Samuel came to collect me eventually, like a shepherd gathering a wayward sheep. “There is nothing else we can do tonight, except sleep.” I trailed after him through the dark, cracked streets.
Several times I thought I heard footsteps shuffling behind us, or long skirts trailing on stone, or breath rattling from an aged chest. I chastised myself—don’t be stupid, she’s a harmless old woman—until I noticed Bad standing stiff as a copper statue, staring behind us with his lips peeled back and a growl radiating in his chest.
A silent coldness slipped over me, like when you dive too deep in the lake and stir up the winter-chilled waters at the bottom. I nudged Bad with my knee, dry-mouthed. “C’mon, boy.”
I lay beside Samuel in the moon-streaked dark of our adopted house, thinking things like surely not and it’s impossible and then reflecting on the word impossible and its many abrupt fluctuations in recent days and continuing to stare sleeplessly at the ceiling.
Jane came in sometime after midnight and crawled into her blanket pile. I waited for her breathing to deepen, for the soft whistle of her not-quite-snore, and then crept to her side. I slid Mr. Locke’s revolver carefully from her skirts and stuffed it beneath my waistband. It rested cold and heavy against my thigh as I ducked out of the house and into the bright black night.
I followed our street upward, Bad padding at my side, until it petered into tufted grass and tumbled brick. The plains rose around me, painted silver by the half-moon. I waded through the grasses, trying to ignore the sweat prickling my palms, the quivering in my belly that said this was a very, very stupid idea.
Then I stopped. I waited.
And waited. Minutes thudded by, measured in too-fast heartbeats. Be patient. Be brave. Be like Jane. I tried to stand the way she would, tense and ready as a long-legged hunting cat, rather than shivering and uncertain.
A whispering shuffle sounded behind me, so soft it might have been some small creature runneling through the grass. Bad growled, low and deep, and I believed him.
I drew the revolver from my skirt, turned, and pointed it at the hunched figure behind me. I saw the long twist of her nose, the saggy folds of flesh at her throat, the tremor of her hands as she raised them.
I strode closer. “Who are you?” I hissed.
How terribly, painfully cliché. Even with blood pulsing in my skull and my throat terror-tight, I felt conscious that I was doing a fairly poor impression of one of the Rover Boys, if the Rover Boys had ever threatened any innocent old ladies.
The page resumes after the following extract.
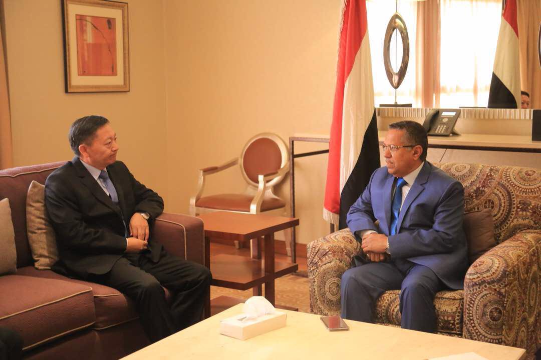 استقبل رئيس الوزراء الدكتور احمد عبيد بن دغر، اليوم، القائم باعمال السفير الصيني لدى بلادنا، جين هوي.

The woman was breathless and stammering with fear. “My—my name is Mrs. Emily Brown and I just got a little turned around, I swear, please don’t hurt me, miss, please—”
I almost believed her. I felt myself shrinking, retreating, except—there was something wrong with her voice. It didn’t actually sound like an old woman’s voice, now that I was standing close to her; it sounded like a younger person doing a slightly rude impression of an old woman, high and shaky.
Her hand began to creep toward her skirts, voice still babbling with terror. Something silver glinted up at me from the black folds of cloth. I froze, had a half second’s vision of how disappointed Jane would be if I let a little old lady slit my throat—then knocked her hand away and scrabbled the knife out of her dress pocket. Something black and flaky crusted the blade.
I threw it into the darkness and leveled the gun back at her chest. She’d stopped babbling.
“Who. Are. You.” It sounded much better this time, almost menacing. I wished the gun would stop shaking.
The woman’s mouth closed in an ugly seam. She glared for a moment, narrow-eyed, then clucked her tongue in disgust. She fished a cigarette from her pocket and struck a match, puffing until her cigarette glowed and crackled. White smoke streamed from her nostrils in a sigh.